Friday, April 30, 2010

Tet Holiday - Tiger Year

I was very privileged to again spend Tet with Bao's family. They are always so welcoming of me. When I discussed this with Bao, he told me that even though they have now lived in HCM City for so long, their most significant friends are elsewhere, and they do not have close family to visit. At Tet I am their honoured guest. So much so that this year I've been included in the family portrait which now sits on the wall in their home.

Bao and I returned to HCM City on the last day of the Buffalo Year. We again visited the Flower Festival in Nguyen Hue Street in District 1 and waited for the fireworks at midnight before tackling the traffic to drive back to Binh Thanh District. In Bao's view the quality of the flower festival has gone down over the last couple of years. Major storms and typhoons in the months leading up to Tet destroyed many of the flower crops, and increased demand in the market by both city authorities and private consumers.

We spent part of first day at home, but also took a ride around a much quieter city, and stopped to watch one of the most famous dragon dance troupes in HCM City perform.


After exchanging li xi we headed out to visit some pagodas in the late afternoon. However, the big mission of visiting pagodas was scheduled to start at 4am the next morning. We joined a cavalcade of buses (at least 15) to travel to 10 pagodas. A few were in HCM City but most were outside the city on the road back to - guess where?! Vung Tau, hahaha. We came as far as Long Hai, where we had lunch and could look across the sea to see Small Mountain in the distance.

The temples were all very different. Some very large and well-endowed. One which is a major learning centre, not just for monks in Vietnam, but from around the Buddhist world. Some were very poor but still active in community work and supporting children without families. These children live and study at the pagoda as novices and have the option of joining the fraternity when they are 18 or going out into the larger world to work.

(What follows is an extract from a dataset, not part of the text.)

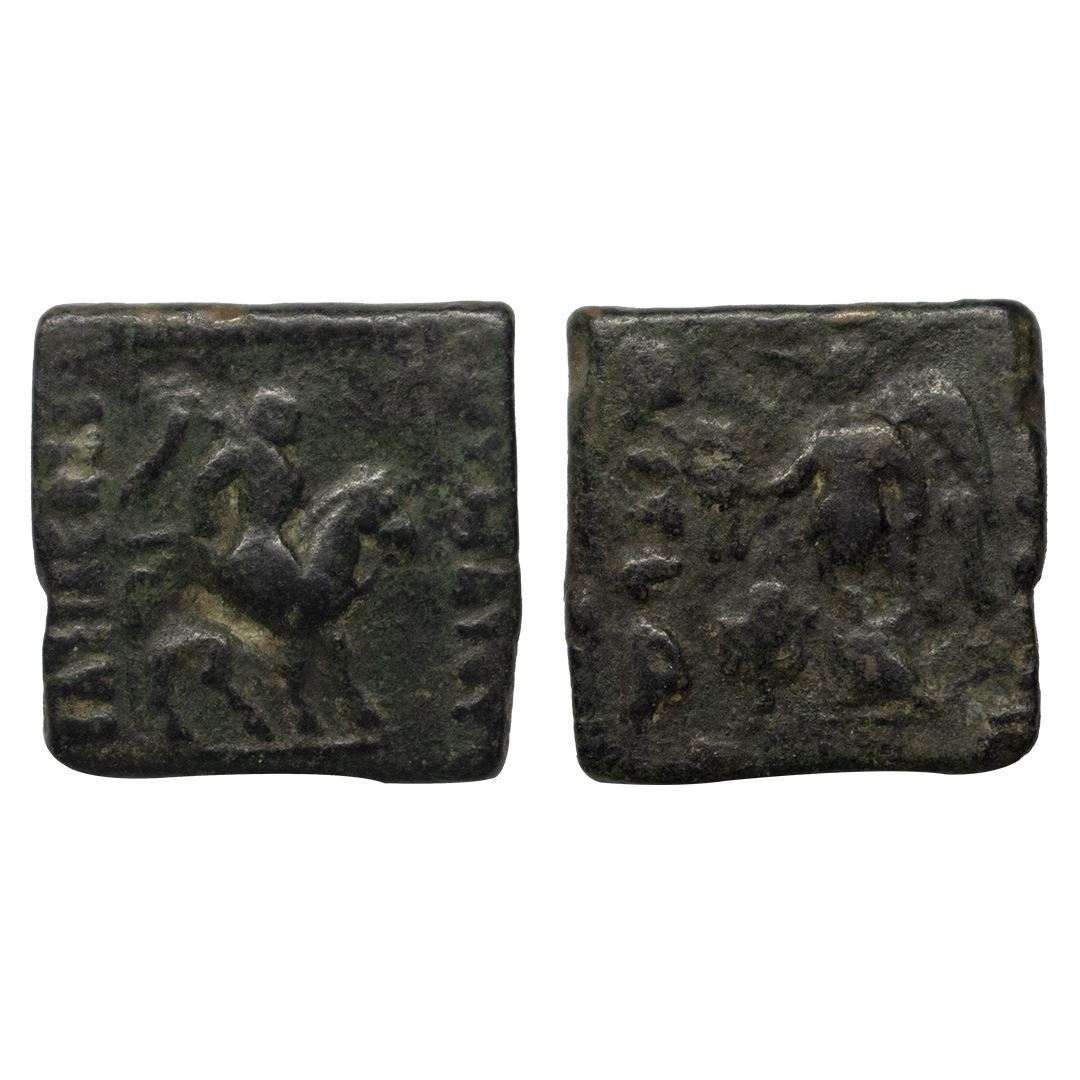 Indo-Scythians, Maues (125-85 BC), Copper Square Unit, xx.xx gms, Obverse: King on horseback to right, Greek legend around partially reading ‘BAΣI ΛEΩΣ MAYOY’, Reverse: Nike standing left, holding wreath and palm, partial Kharoshti legend around reading ‘maharajasamoasa’, Senior # 16.1, about fine, rare.

During the trip money was raised for these pagodas.

It was a very long day, and although I am grateful for the experience - plus have now completed the Nguyen family commitment of visiting 10 temples each Tet - I don't think I will do it again, or at least not until I have become more competent in speaking Vietnamese. During the day in which we encountered thousands of visitors - we were not the only cavalcade involved in this significant pursuit - I saw just one other foreigner!

Bao Loc
For the remainder of the Tet holiday, before I had to return to work, we planned a motor cycle trip to go to Cat Tien National Park in the foothills towards Dalat. We were discouraged, though, when we arrived at the park headquarters to find that there are two price scales for accommodation and just about everything else, and that because he was with me Bao would be subjected to the same exorbitant prices as I would be forced to pay as a foreigner. In most places I've been to in Vietnam over the last 18 months this practice has been abandoned, but the management here were insistent. Bao was so disgusted that he refused to look at any part of the park.

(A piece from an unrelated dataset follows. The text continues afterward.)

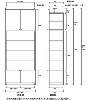 - ■外寸奥行40cm×高さ250~259cm×幅81~90cm(幅は1cm単位でオーダーできます)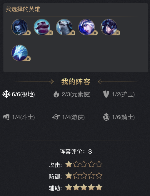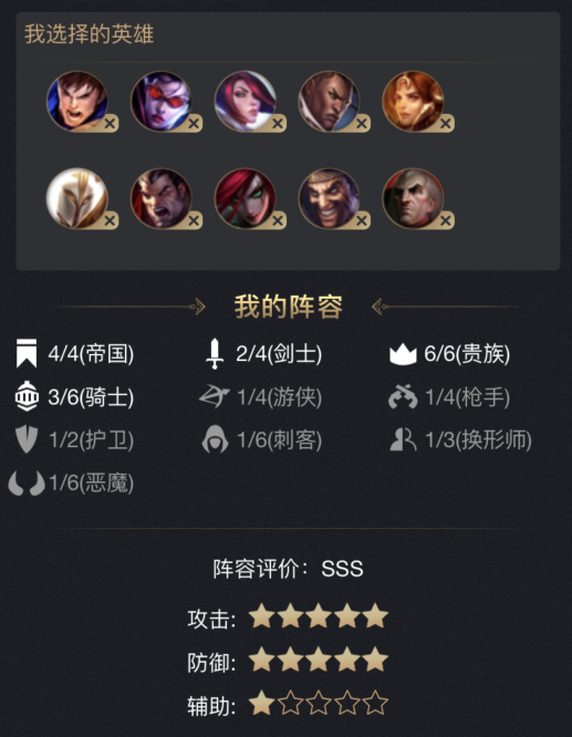6贵族分别是盖伦、薇恩、剑姬、卢锡安、女坦、天使,其中的盖伦、薇恩、剑姬都是一星英雄,前两个回合很容易就能凑齐,除了剑姬,其余都可以升到三级。由于需要天使这个五星英雄,才能有贵族BUFF,因此中期我们可以用三剑士过渡。后期6贵族凑满,全体100护甲的加成再加上35的回血,你的对手将毫无游戏体验。

So we came up with a plan B, of continuing on the highway towards Dalat and staying at Bao Loc, the tea and coffee growing town which is on the first plateau of the mountain range (see blog about Michele, Chaska and Killki visit). The main tourist attraction here is Dambri Falls,which Bao remembers from a previous visit as being a natural and quiet place, but which is now so heavily developed, beautified and concreted over that we were very disappointed. We also took a bit of a sidetrip to a minority village and interesting pagoda community. We also stopped off a large temple, before returning to taste and buy some excellent local coffee in the town.

Arriving in Bao Loc we had no knowledge of where to stay, though we could see plenty of hotels and guest houses. We decided to ride into the market area where we saw a number of nha nghi, guest houses. We chose one and discovered that in an equally random way it had been selected by another Australian visitor, who was on his way south but had stopped in Bao Loc to meet a girl (and her boyfriend) with whom he had been communicating over the Internet for some months. What a small world!

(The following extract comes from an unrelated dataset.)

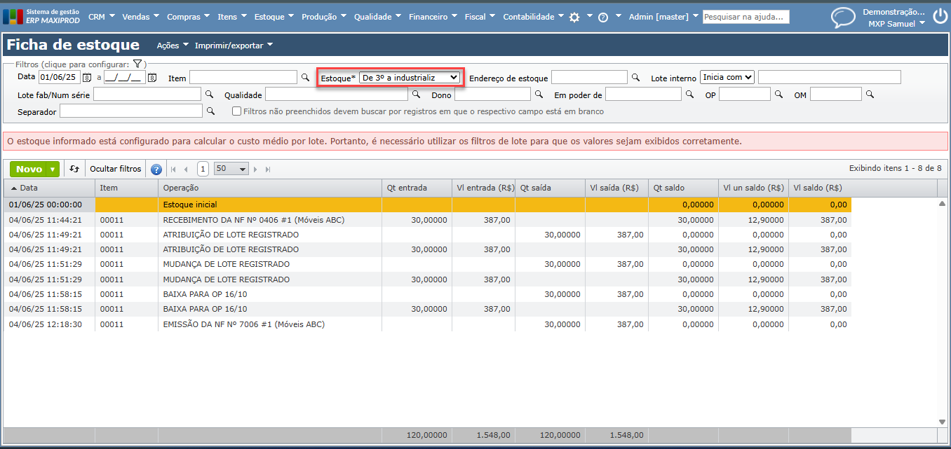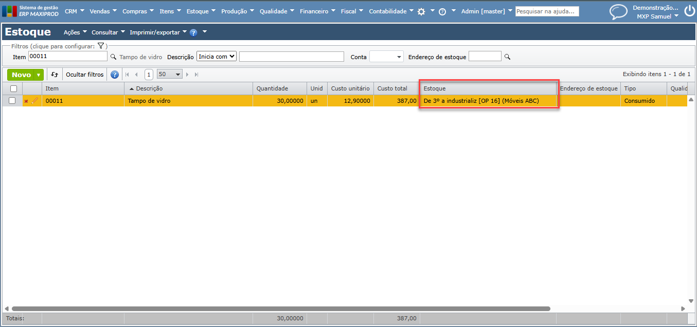 5) Após ser baixado, o estoque de 3º passa do tipo “normal” para “consumido” e exibe o número da ordem de produção para a qual foi baixado.

During this trip we arranged to meet up with one of the guys we had shared the ardours of climbing Nui Ba Den with. He works in the area and was on his way back from his family home to the town he was currently working in, and stopped off to spend the night with us, before sharing part of the journey back to HCM City. During the journey back I also finally got the chance to look more closely at something that has caught my attention every time I've passed through the town of Dinh Quan - the Buddha built on one of the massive granite boulders around which the town is built.